Several authors 8-15) have developed explicit approximations of the friction factor as an alternative to the Colebrook equation, but the explicit models developed differ in their accuracy and computational efficiency 16-19. The work presented by 20 highlighted that the equation by 21 was more accurate than the Colebrook equation for the experimental data in their research. On the other hand, 22 cite that the equations by 16 and 23 are the most efficient, with a maximum-recorded error of 0.18% and 0.54%, respectively.
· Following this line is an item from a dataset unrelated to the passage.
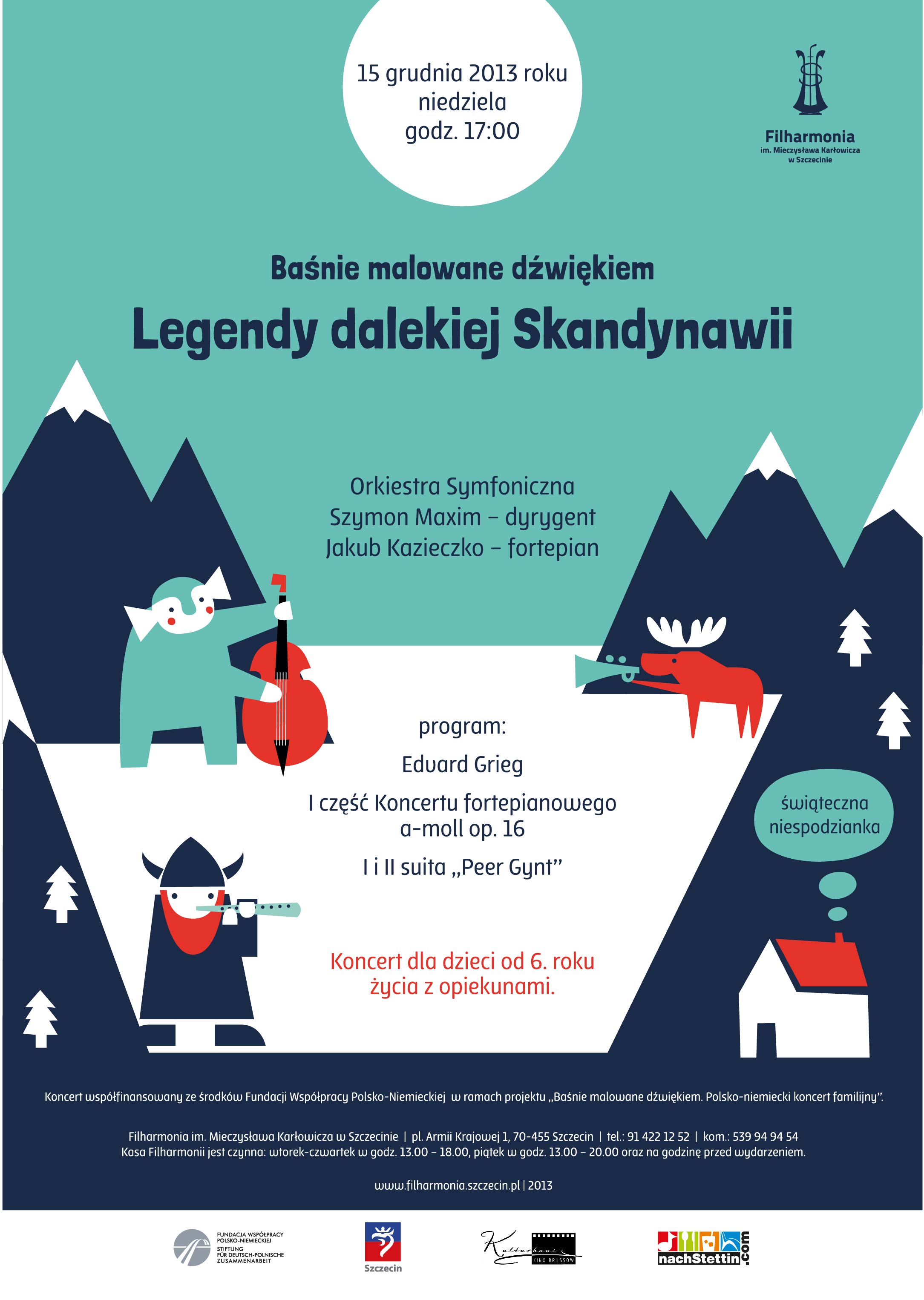 Finał konkursu odbędzie się podczas koncertu familijnego 15.12.2013 w Filharmonii w Szczecinie, podczas którego usłyszymy suity oraz koncert fortepianowy a-moll kompozycji E. Griega. Koncert zakłada udział solisty Jakuba Kazieczko - laureata konkursu fortepianowego. Orkiestrę Filharmonii w szczecinie poprowadzi dyrygent Szymon Maxim.

Likewise, 24 propose that the equations available in the literature lead to a deviation of between 2% and 3% for a turbulent flow with a Reynolds number of 2300. In turn, they suggest a new equation based on the relationship between friction forces and viscous forces to determine f with a maximum standard deviation of 0.25% with respect to the Colebrook equation.
There have been significant contributions in recent years to predicting the friction factor value with artificial intelligence approaches such as Gene Expression Programming (GEP), Evolutionary Polynomial Regression (EPR), Adaptive Neuro-Fuzzy Inference System (ANFIS), Artificial Neural Network (ANN), and physical and numerical models that manage to predict the fluid behavior in different media 25-28. In particular, 26 estimated f using Bayesian learning neural networks and reached a relative error of 0.0035%. Furthermore, 29, using some artificial intelligence approaches, reached mean absolute errors of 0.001%. In this sense, 30 cite some gaps in the artificial intelligence technique, such as the data set, the layers of predesignated neurons, the percentage of training, and the test in the model tree. However, increasing the number of variables and implicit functions of the friction factor is necessary. Likewise, there is still a need to insert model selection criteria.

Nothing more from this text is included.